Dataset entries:
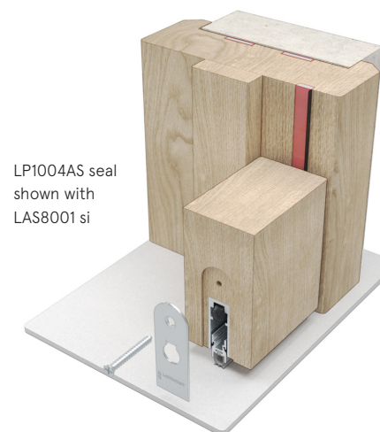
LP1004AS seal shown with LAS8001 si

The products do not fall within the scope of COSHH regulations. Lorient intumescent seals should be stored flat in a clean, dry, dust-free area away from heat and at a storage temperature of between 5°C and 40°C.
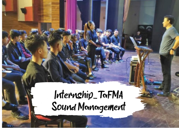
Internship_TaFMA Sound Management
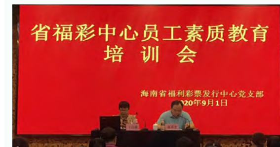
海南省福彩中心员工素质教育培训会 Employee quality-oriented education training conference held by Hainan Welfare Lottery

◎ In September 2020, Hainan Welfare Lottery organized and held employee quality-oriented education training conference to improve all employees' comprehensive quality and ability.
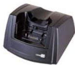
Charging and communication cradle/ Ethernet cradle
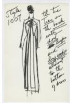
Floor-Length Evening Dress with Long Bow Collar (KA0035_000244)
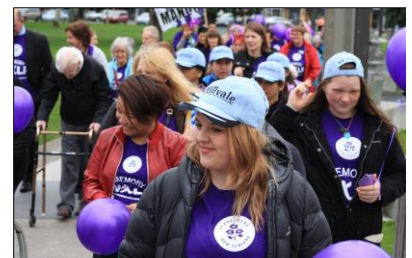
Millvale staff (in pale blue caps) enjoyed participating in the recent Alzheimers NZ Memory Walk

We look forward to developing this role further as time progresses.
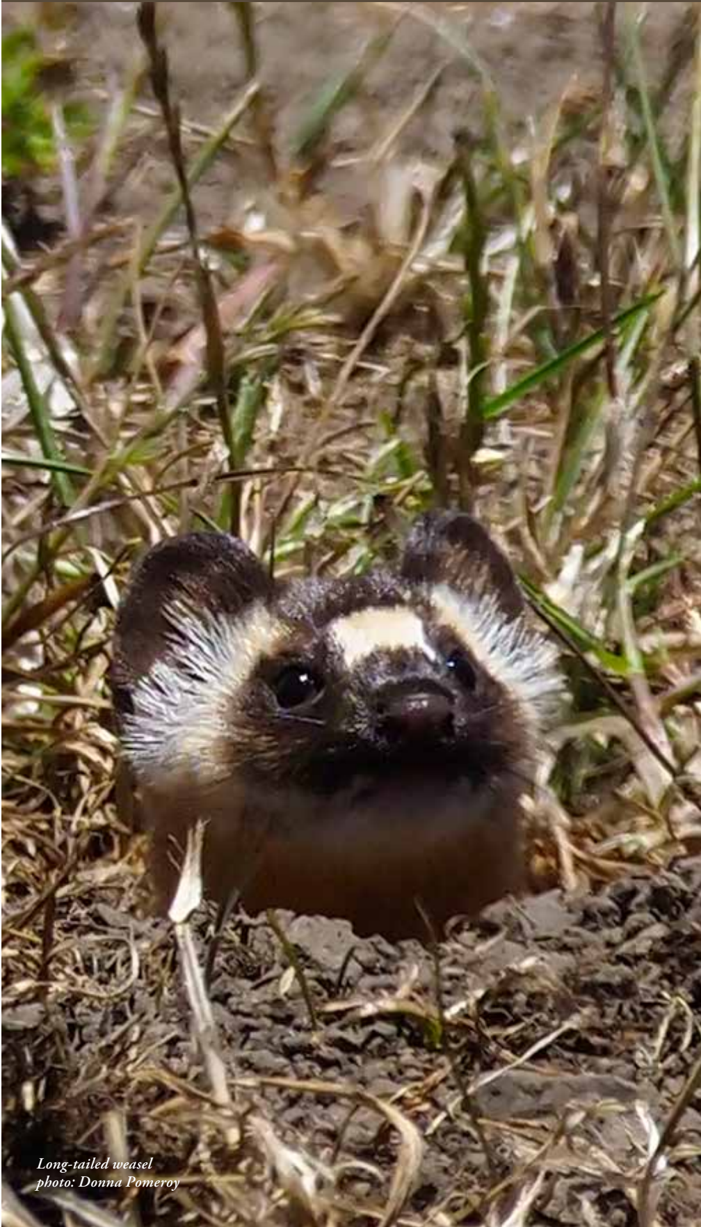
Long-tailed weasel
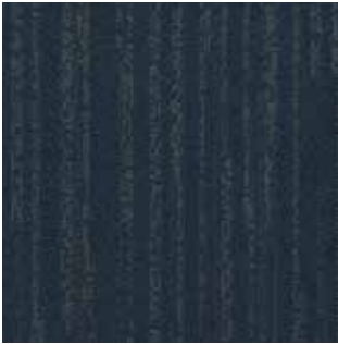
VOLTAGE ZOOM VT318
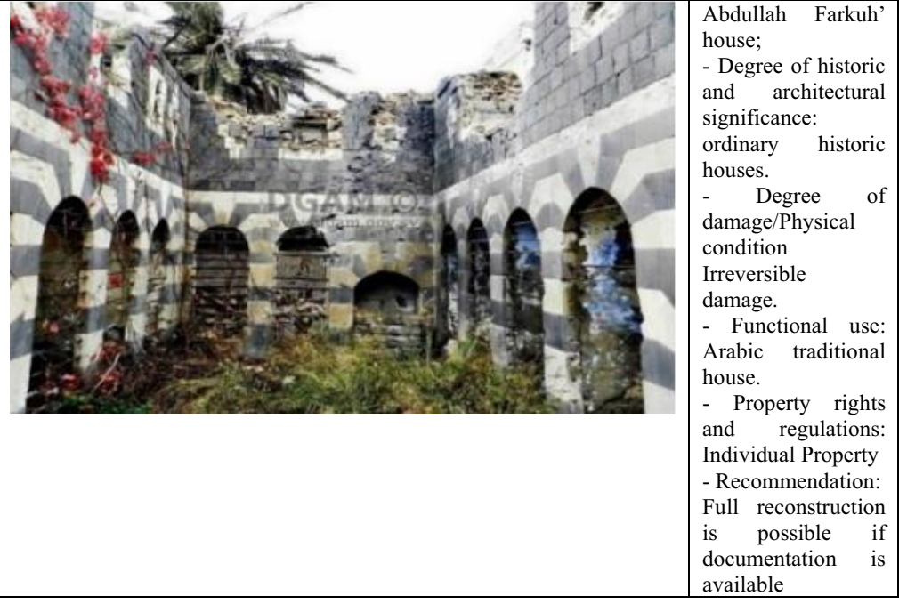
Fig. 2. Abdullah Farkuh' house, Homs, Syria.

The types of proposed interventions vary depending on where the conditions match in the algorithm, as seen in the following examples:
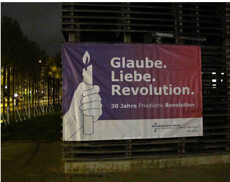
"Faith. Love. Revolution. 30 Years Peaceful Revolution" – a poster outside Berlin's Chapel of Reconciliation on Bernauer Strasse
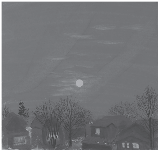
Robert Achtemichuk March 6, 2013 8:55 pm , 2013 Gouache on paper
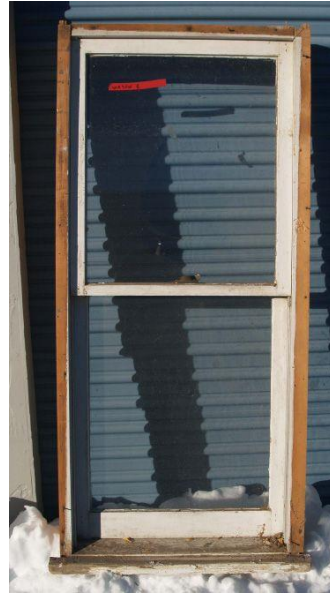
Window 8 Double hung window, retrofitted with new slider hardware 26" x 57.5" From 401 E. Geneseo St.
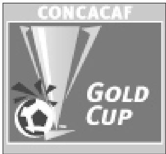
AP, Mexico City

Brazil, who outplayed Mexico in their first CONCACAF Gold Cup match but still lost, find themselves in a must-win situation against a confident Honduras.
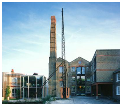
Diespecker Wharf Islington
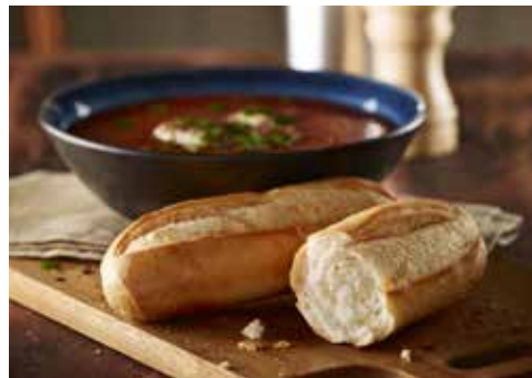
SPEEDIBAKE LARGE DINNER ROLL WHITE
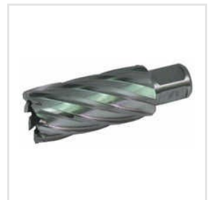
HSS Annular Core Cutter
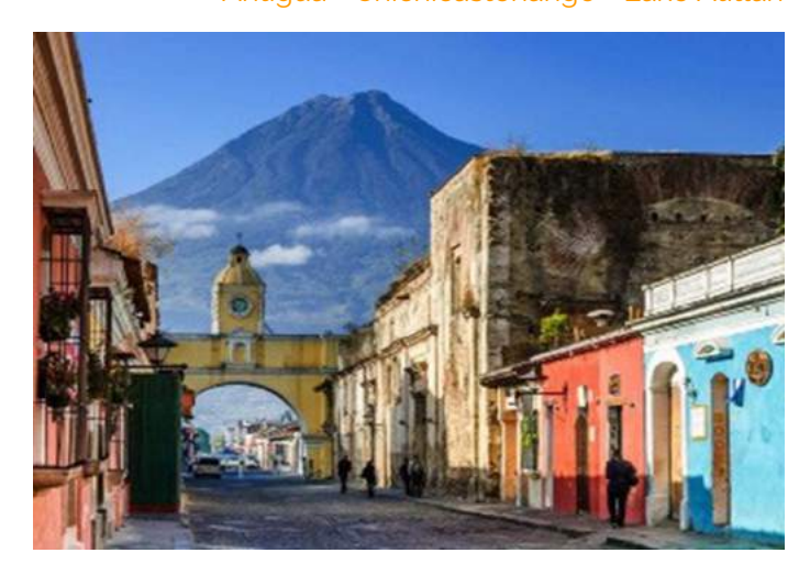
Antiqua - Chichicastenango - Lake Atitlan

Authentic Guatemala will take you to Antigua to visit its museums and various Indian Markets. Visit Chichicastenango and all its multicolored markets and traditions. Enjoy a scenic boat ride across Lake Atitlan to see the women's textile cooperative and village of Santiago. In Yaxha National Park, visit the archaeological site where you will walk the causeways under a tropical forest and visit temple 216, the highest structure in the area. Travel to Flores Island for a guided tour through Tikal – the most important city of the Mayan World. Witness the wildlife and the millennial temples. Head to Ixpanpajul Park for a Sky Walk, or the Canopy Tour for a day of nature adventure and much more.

Goal of the exercise -> Retrieve each line of the data in which the word "Walk" can be found.

Output for this task ->
Millvale staff (in pale blue caps) enjoyed participating in the recent Alzheimers NZ Memory Walk
Authentic Guatemala will take you to Antigua to visit its museums and various Indian Markets. Visit Chichicastenango and all its multicolored markets and traditions. Enjoy a scenic boat ride across Lake Atitlan to see the women's textile cooperative and village of Santiago. In Yaxha National Park, visit the archaeological site where you will walk the causeways under a tropical forest and visit temple 216, the highest structure in the area. Travel to Flores Island for a guided tour through Tikal – the most important city of the Mayan World. Witness the wildlife and the millennial temples. Head to Ixpanpajul Park for a Sky Walk, or the Canopy Tour for a day of nature adventure and much more.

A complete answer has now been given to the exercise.